BEGIN Given records
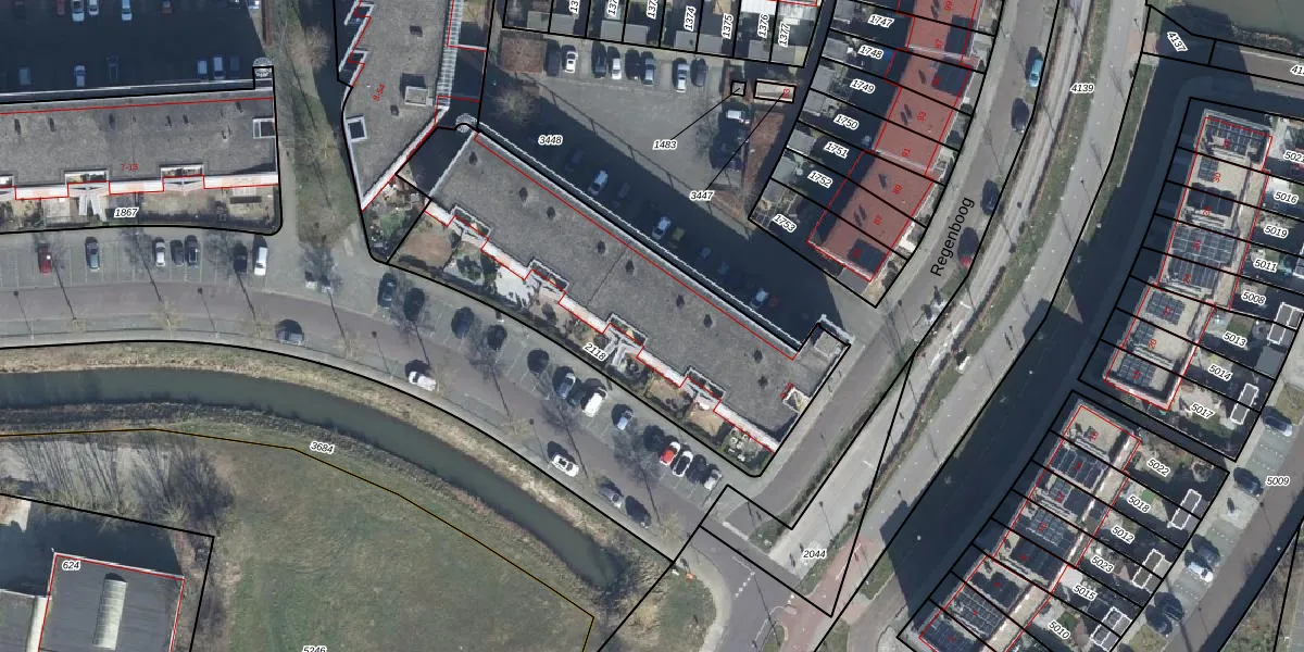 Het perceel waarop Regenboog 33 staat heeft een oppervlakte van 1464 m². Dit is een zeer groot perceel. De perceeloppervlakte wordt geregistreerd door het Kadaster. Gedetailleerde informatie over de maten van dit perceel kunt u vinden in het rapport Kadastrale kaart met maatvoering van Regenboog 33.
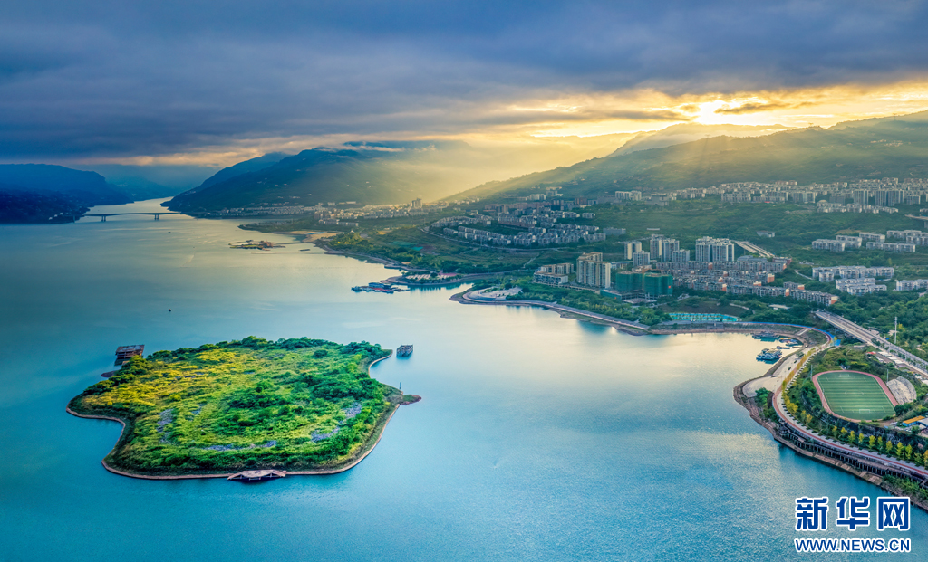 朝陽映襯下的江畔小城綏江,水清岸綠景美(10月23日攝)。新華網發(fā)(曾三東 攝)
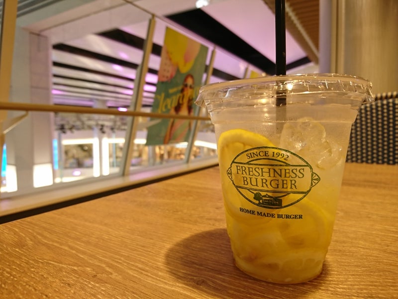 ショッピングモールで贈り物と自分用のカップを買って、レモネードを飲みながら時間つぶし。
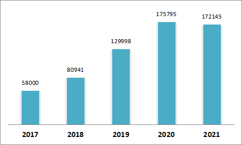 图2:近五年成人小说网 新收知识产权民事一审案件数量
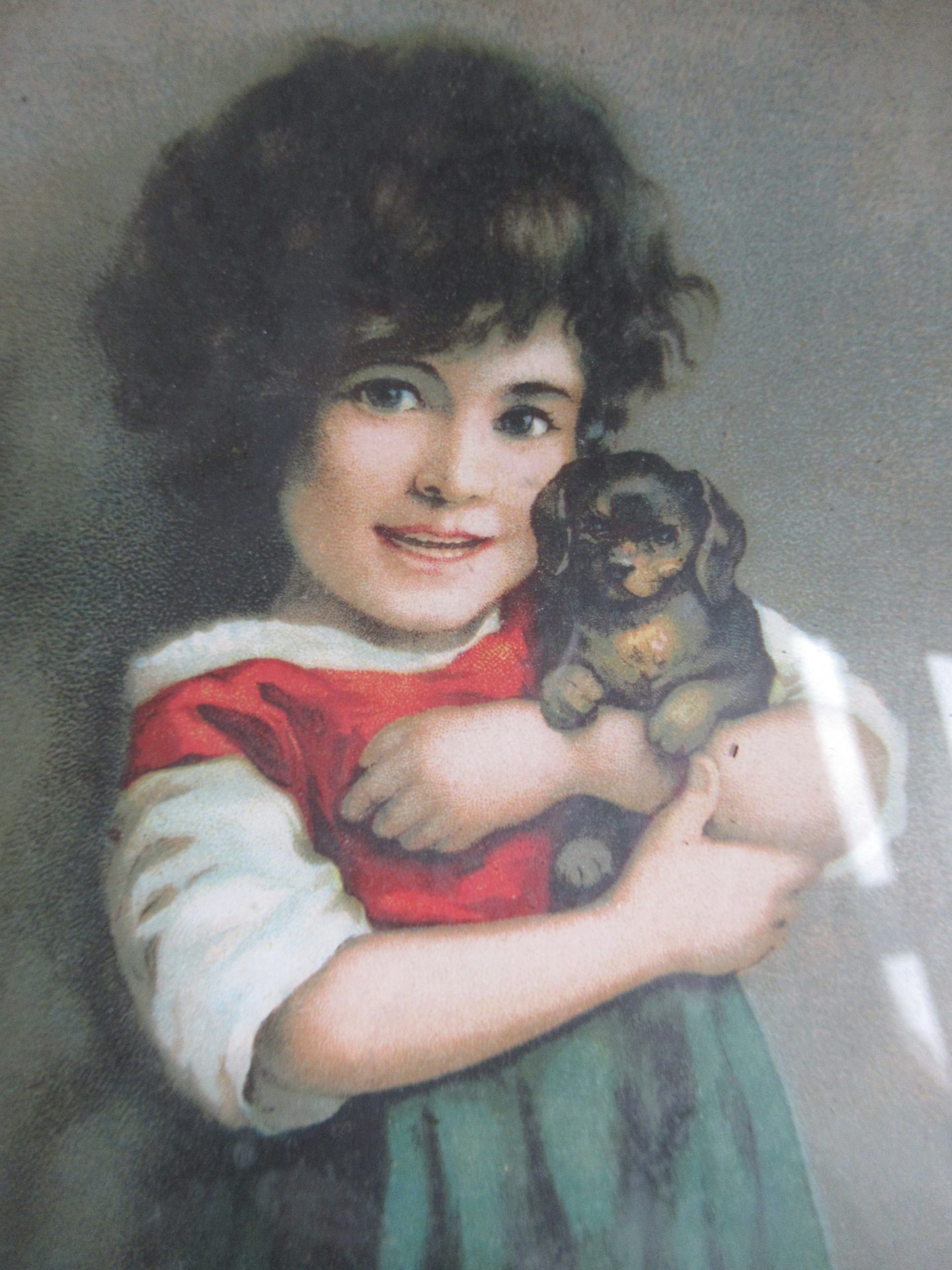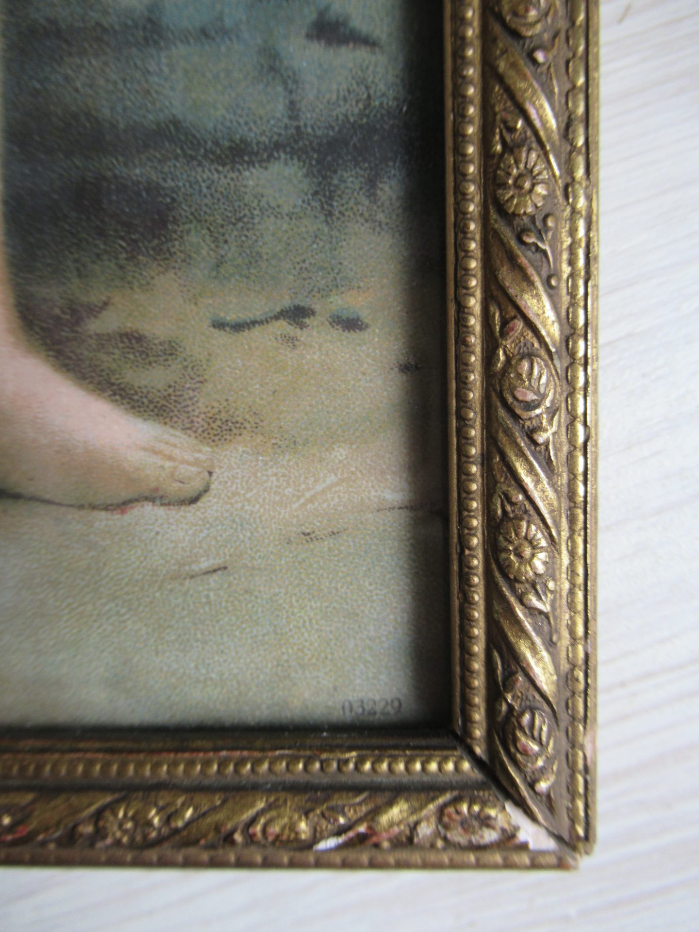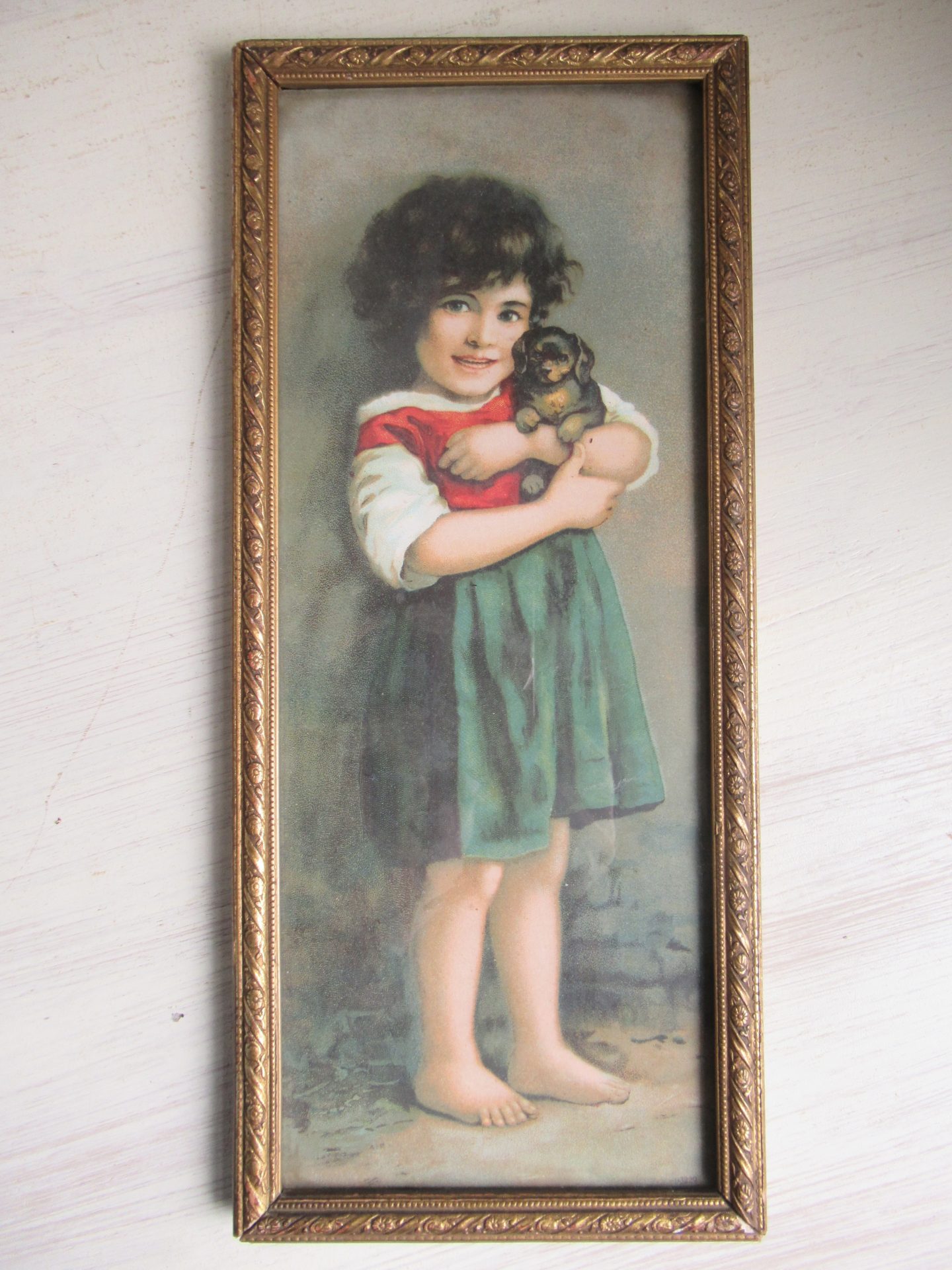 schattig oud lijstje met kinderprent achter glas, als je het op wilt hangen moet er even een haakje aan gemaakt worden (31,5 bij 14)
END Given records
→ **What you are asked to do**:
Take the lines from the one holding "ショッピングモールで贈り物と" through the last line of the data above and copy them exactly, both ends included, omitting all pictures.

→ **Written solution**:
 ショッピングモールで贈り物と自分用のカップを買って、レモネードを飲みながら時間つぶし。
 图2:近五年成人小说网 新收知识产权民事一审案件数量
 schattig oud lijstje met kinderprent achter glas, als je het op wilt hangen moet er even een haakje aan gemaakt worden (31,5 bij 14)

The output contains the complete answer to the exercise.